THE SCRIPTURE: Luke 19:28-40
THE SERMON: “King for a Day; Lord Forever” (Dr. Bryant)
Palm Sunday is ordinarily a festive day. When we moved to southern California to assume the pastorate of University Christian Church in 1975, our very first Palm Sunday that spring was one that caught my attention. We decorated the church with palm branches, but some of the palm branches were 12 feet long. We had truckloads of palm branches in the sanctuary on Palm Sunday. So when I came to Portland, I thought, what a wonderful idea; I’ll introduce the congregation of First Christian Church in Portland to Palm Sunday, so, not having any palm trees in our backyard, I ordered two dozen palm branches from a florist. Expecting that they would come in a truck, I met him on Saturday to pick them up, only to have them delivered to me with rubber band tied around them and held in one hand. So I discovered that celebrations can be different in one part of the country from another. It’s ordinarily a festive day; less so for us this morning because our thoughts and our concerns are not festive and we would be less than honest if we pretended otherwise. But hopefully, we will center our thoughts on the good news of Christ for this little while as we consider the Scripture text and its relevance this morning.

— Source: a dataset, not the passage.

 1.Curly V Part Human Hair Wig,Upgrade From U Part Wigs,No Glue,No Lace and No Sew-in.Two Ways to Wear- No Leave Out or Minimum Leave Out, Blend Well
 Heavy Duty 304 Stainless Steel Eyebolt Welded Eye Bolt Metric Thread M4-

The day, that is the Sunday before Easter, differs from previous Sundays of Lent, because it was a day of celebration for the followers of Jesus, and churches have tried to emulate that joyous mood on this Sunday ever since. Jesus and his friends were joined in their journey toward Jerusalem by other pilgrims heading for the Holy City to celebrate the Passover, which was and is perhaps, the most important holiday in the Jewish year, remembering Israel’s deliverance out of Egypt and the slavery they had suffered there. Some in the crowed, recognizing the teacher from Galilee, welcomed him, shouting, “Hosannah to the Son of David!”

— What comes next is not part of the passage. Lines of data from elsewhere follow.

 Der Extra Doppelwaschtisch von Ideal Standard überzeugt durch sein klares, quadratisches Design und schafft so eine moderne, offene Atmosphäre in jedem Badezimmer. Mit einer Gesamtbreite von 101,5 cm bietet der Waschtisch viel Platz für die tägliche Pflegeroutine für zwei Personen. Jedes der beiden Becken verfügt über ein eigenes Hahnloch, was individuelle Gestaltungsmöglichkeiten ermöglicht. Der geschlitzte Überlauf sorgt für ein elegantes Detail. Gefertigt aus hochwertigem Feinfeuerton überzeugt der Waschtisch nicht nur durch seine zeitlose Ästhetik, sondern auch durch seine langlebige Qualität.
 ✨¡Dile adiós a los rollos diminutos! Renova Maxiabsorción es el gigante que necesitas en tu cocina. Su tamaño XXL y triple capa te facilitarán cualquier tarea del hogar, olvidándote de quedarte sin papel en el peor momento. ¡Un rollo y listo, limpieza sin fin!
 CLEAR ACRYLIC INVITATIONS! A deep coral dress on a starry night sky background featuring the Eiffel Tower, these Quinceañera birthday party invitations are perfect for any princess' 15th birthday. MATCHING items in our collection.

Now, all four Gospels contain the story of Jesus entering Jerusalem in what some have termed as his triumphal entry, but only John tells of the waving of the palm branches. It wasn’t in the text that Dale read for us this morning, there is no mention of palm branches. Matthew has branches, but he doesn’t say what kind. Only the Gospel of John has that word, just those two words, in the telling of the story, that the people tore palm branches from the trees along the road and waved them as they shouted. It is from this account that we derive the term “Palm Sunday.” As incidental as it is to the whole story, it has taken on an unusual meaning for us, for the Sunday that some refer to, not as Palm Sunday, but as Passion Sunday by many biblical scholars preceding as it does the Friday crucifixion.

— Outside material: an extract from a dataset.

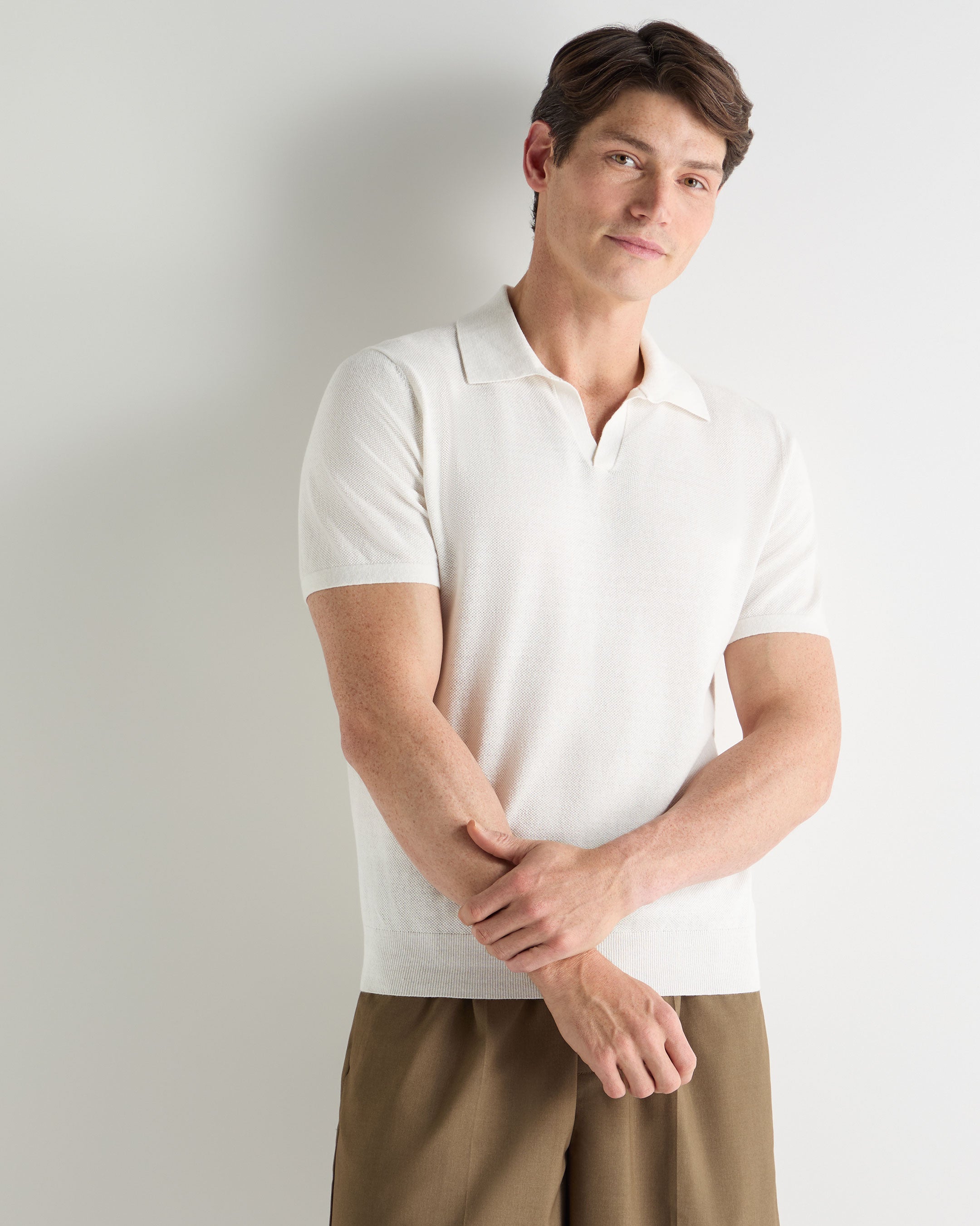 A warm-weather staple refined through fabric and proportion, this piqué polo is designed for days that move easily from city mornings to unhurried afternoons away. Clean, confident and quietly elevated, it delivers the kind of ease that travels well — polished enough for lunch plans, relaxed enough for long days on the move.

It really is a strange story. There is a host of symbolic meanings in this account, which most likely was staged by the disciples themselves for just the effect it would have on the crowds. We don’t have time to talk about the symbolism, but it’s there, read it, in the four Gospels, and note the various kinds of illusions that it contains. But it was a festive occasion and the people loved it. For a brief moment, Jesus was king in the hearts of Israel, or at least king for these pilgrims who were on the road, who were near enough by him to know what was happening. By evening, they would all be about their business, seeking lodging, preparing the evening meal, getting ready for the holiday that would begin on the morrow, but for a little while, the people felt the stirring of the ancient promise in their breasts and dared to thumb their noses at Rome by declaring Jesus their king, at least king for a day.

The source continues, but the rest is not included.